Assigned task: Leave out the pictures and output the data verbatim.

Dataset section:
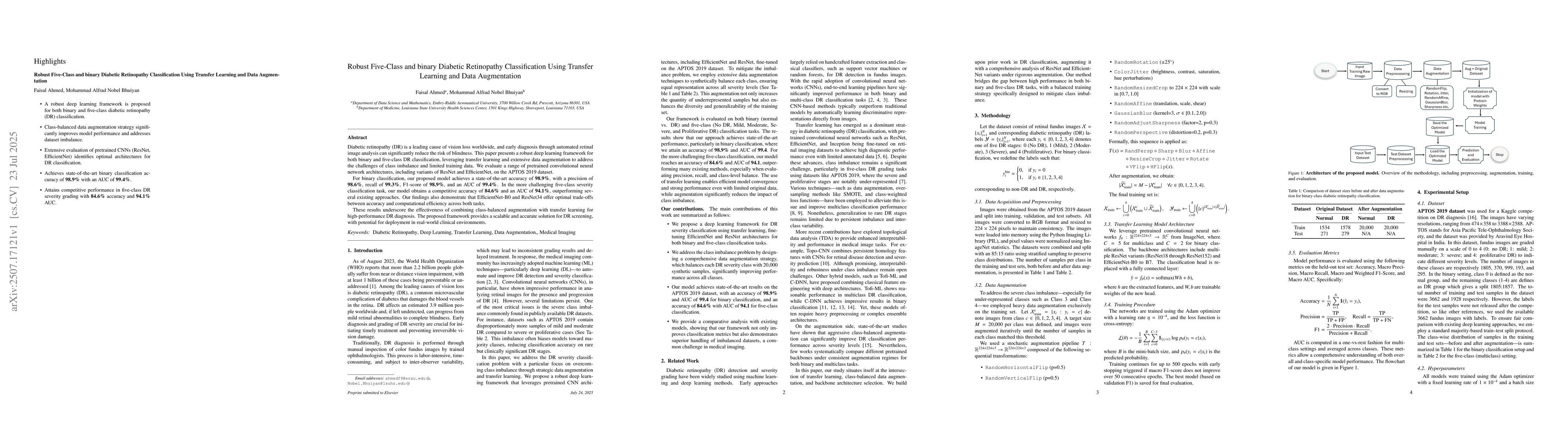 Diabetic retinopathy (DR) is a leading cause of vision loss worldwide, and early diagnosis through automated retinal image analysis can significantly reduce the risk of blindness. This paper presents a robust deep learning framework for both binary and five-class DR classification, leveraging transfer learning and extensive data augmentation to address the challenges of class imbalance and limited training data. We evaluate a range of pretrained convolutional neural network architectures, including variants of ResNet and EfficientNet, on the APTOS 2019 dataset. For binary classification, our proposed model achieves a state-of-the-art accuracy of 98.9%, with a precision of 98.6%, recall of 99.3%, F1-score of 98.9%, and an AUC of 99.4%. In the more challenging five-class severity classification task, our model obtains a competitive accuracy of 84.6% and an AUC of 94.1%, outperforming several existing approaches. Our findings also demonstrate that EfficientNet-B0 and ResNet34 offer optimal trade-offs between accuracy and computational efficiency across both tasks. These results underscore the effectiveness of combining class-balanced augmentation with transfer learning for high-performance DR diagnosis. The proposed framework provides a scalable and accurate solution for DR screening, with potential for deployment in real-world clinical environments.
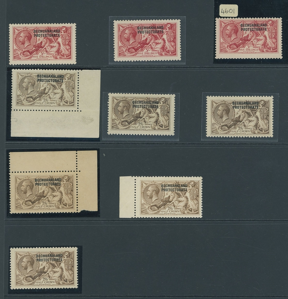 1914-23 mint group on a Hagner page (9) comprising Waterlow 5/- rose-carmine (3, two with variety overprint double, one albino and both with certificates), DLR 2/6d. pale brown lower left corner example and 2/6d. sepia variety overprint double, one albino, Bradbury Wilkinson 2/6d. chocolate-brown (3, one with overprint double, one albino and another with overprint treble, one albino); fine mint. S.G. 84-88c group, £2,400+
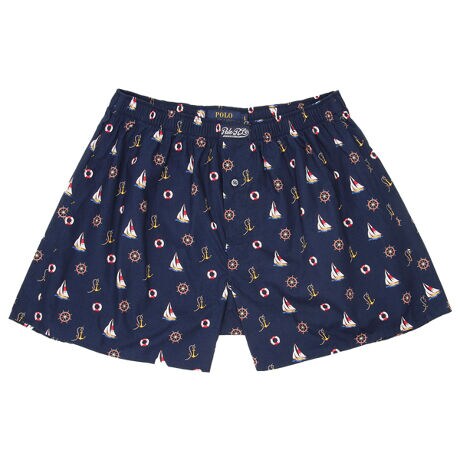 オーガニックコットン100%の平織生地を使用したトランクスです。表面のなめらかさと光沢のある素材感が特長。フロントセンターに縫い付けたラベルがポイントで、ロゴ刻印入りボタンがさり気ないこだわりです。ネイビーベースにマリンモチーフの柄をオールオーバープリントした、ギフトにも最適なアイテムです。前開き仕様。
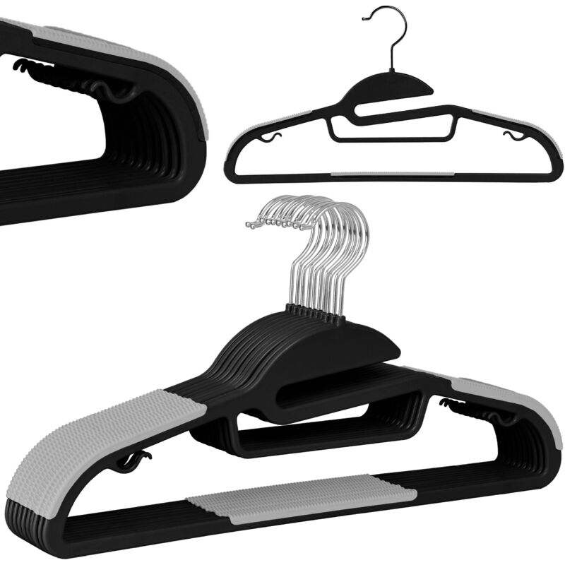 Appendino Flexi, set 10 pezzi, nero e grigio Destinazione d'uso: camerino, boutique | Colori: nero, grigio Offriamo grucce in plastica flessibili e resistenti, perfette per un guardaroba, uno spogliatoio o un'esposizione di vestiti in una boutique. Le grucce sono realizzate in plastica resistente e durevole. Gli elementi in gomma impediscono ai vestiti di scivolare e la sagomatura adeguata impedisce ai tessuti di deformarsi. Le grucce hanno un gancio in metallo cromato. La gruccia è dotata di tacche per facilitare l'indossamento dei vestiti. Grazie a questo, gli indumenti non si allungano né si deformano. Caratteristiche del prodotto: Colore: nero grigio Materiale: plastica, acciaio Gancio ruotabile a 360°: sì Capacità max. carico: 5 kg Dimensioni Larghezza: 41,5 cm Profondità: 0,6 cm Altezza: 22 cm Dimensioni gancio: 8 x 5,4 cm Informazioni aggiuntive I colori mostrati sono solo a scopo illustrativo - potrebbero differire da quelli reali a causa delle diverse impostazioni del monitor

Problem solution:
 Diabetic retinopathy (DR) is a leading cause of vision loss worldwide, and early diagnosis through automated retinal image analysis can significantly reduce the risk of blindness. This paper presents a robust deep learning framework for both binary and five-class DR classification, leveraging transfer learning and extensive data augmentation to address the challenges of class imbalance and limited training data. We evaluate a range of pretrained convolutional neural network architectures, including variants of ResNet and EfficientNet, on the APTOS 2019 dataset. For binary classification, our proposed model achieves a state-of-the-art accuracy of 98.9%, with a precision of 98.6%, recall of 99.3%, F1-score of 98.9%, and an AUC of 99.4%. In the more challenging five-class severity classification task, our model obtains a competitive accuracy of 84.6% and an AUC of 94.1%, outperforming several existing approaches. Our findings also demonstrate that EfficientNet-B0 and ResNet34 offer optimal trade-offs between accuracy and computational efficiency across both tasks. These results underscore the effectiveness of combining class-balanced augmentation with transfer learning for high-performance DR diagnosis. The proposed framework provides a scalable and accurate solution for DR screening, with potential for deployment in real-world clinical environments.
 1914-23 mint group on a Hagner page (9) comprising Waterlow 5/- rose-carmine (3, two with variety overprint double, one albino and both with certificates), DLR 2/6d. pale brown lower left corner example and 2/6d. sepia variety overprint double, one albino, Bradbury Wilkinson 2/6d. chocolate-brown (3, one with overprint double, one albino and another with overprint treble, one albino); fine mint. S.G. 84-88c group, £2,400+
 オーガニックコットン100%の平織生地を使用したトランクスです。表面のなめらかさと光沢のある素材感が特長。フロントセンターに縫い付けたラベルがポイントで、ロゴ刻印入りボタンがさり気ないこだわりです。ネイビーベースにマリンモチーフの柄をオールオーバープリントした、ギフトにも最適なアイテムです。前開き仕様。
 Appendino Flexi, set 10 pezzi, nero e grigio Destinazione d'uso: camerino, boutique | Colori: nero, grigio Offriamo grucce in plastica flessibili e resistenti, perfette per un guardaroba, uno spogliatoio o un'esposizione di vestiti in una boutique. Le grucce sono realizzate in plastica resistente e durevole. Gli elementi in gomma impediscono ai vestiti di scivolare e la sagomatura adeguata impedisce ai tessuti di deformarsi. Le grucce hanno un gancio in metallo cromato. La gruccia è dotata di tacche per facilitare l'indossamento dei vestiti. Grazie a questo, gli indumenti non si allungano né si deformano. Caratteristiche del prodotto: Colore: nero grigio Materiale: plastica, acciaio Gancio ruotabile a 360°: sì Capacità max. carico: 5 kg Dimensioni Larghezza: 41,5 cm Profondità: 0,6 cm Altezza: 22 cm Dimensioni gancio: 8 x 5,4 cm Informazioni aggiuntive I colori mostrati sono solo a scopo illustrativo - potrebbero differire da quelli reali a causa delle diverse impostazioni del monitor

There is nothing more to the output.